Free Republic
Browse · Search
News/Activism
Topics · Post Article

To: rickmichaels

“With a few exceptions here and there, American cars of the late 70’s and early 80’s were complete pieces of shit.”

Yes, yes and yes! IMO that’s how the Japanese got their strong start in the market. Their little cars of that era were good for well over a 100,000 miles.

We bought a brand new Ford Bronco in 1980. Timing chain went at 39,000, broken piston at 42,000. Oil always changed, never hot rodded. I know many other Ford owners with similar luck, including my dad’s 1979 Econoline that broke a piston. Forensic work on both engines proved the cylinders were over bored & crank journals were cut too small.

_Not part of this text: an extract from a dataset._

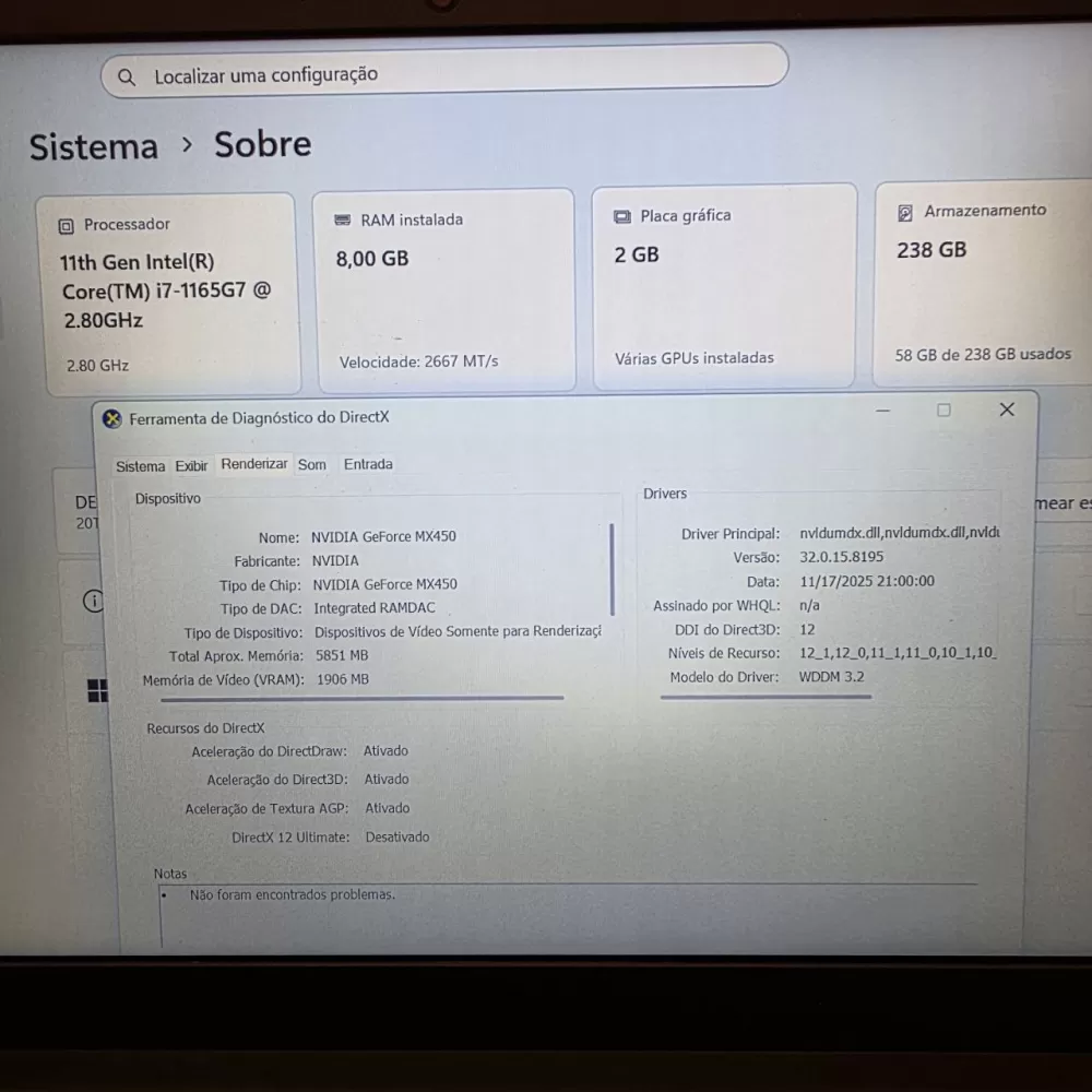 Notebook Lenovo ThinkPad i7 11th - 8Gb Ram - GeForce MX450 - SSD

33 posted on 02/24/2017 6:06:51 AM PST by redfreedom
[ Post Reply | Private Reply | To 13 | View Replies ]


To: redfreedom

That’s interesting. What engines were in those? I always thought the 300, 302 and 351’s were stout workhorses. But I’m was Mopar guy, so I don’t really know Fords.

I had a 1985 Dodge W150 with a 360, and that thing just wouldn’t die. And I abused the hell out of it off roading. Used to get all sorts of battle damage and keep running.

-Ran a half an hour without coolant (radiator was penetrated).

-Ran it 75 miles without oil pressure (snapped front driveshaft yoke took out the oil filter)

-one time the automatic choke linkage that I disconnected at one end came off at the other end and was ingested into the engine... turned into a shot peen and only managed to close the spark plug gaps in four cylinders. Compression test was good on all cylinders. Found the ball with a telescoping magnet through one spark plug hole, regapped the plugs and it just kept on running and running and running.

Had 135k on it when I gave it to a dude on the base when I left the service.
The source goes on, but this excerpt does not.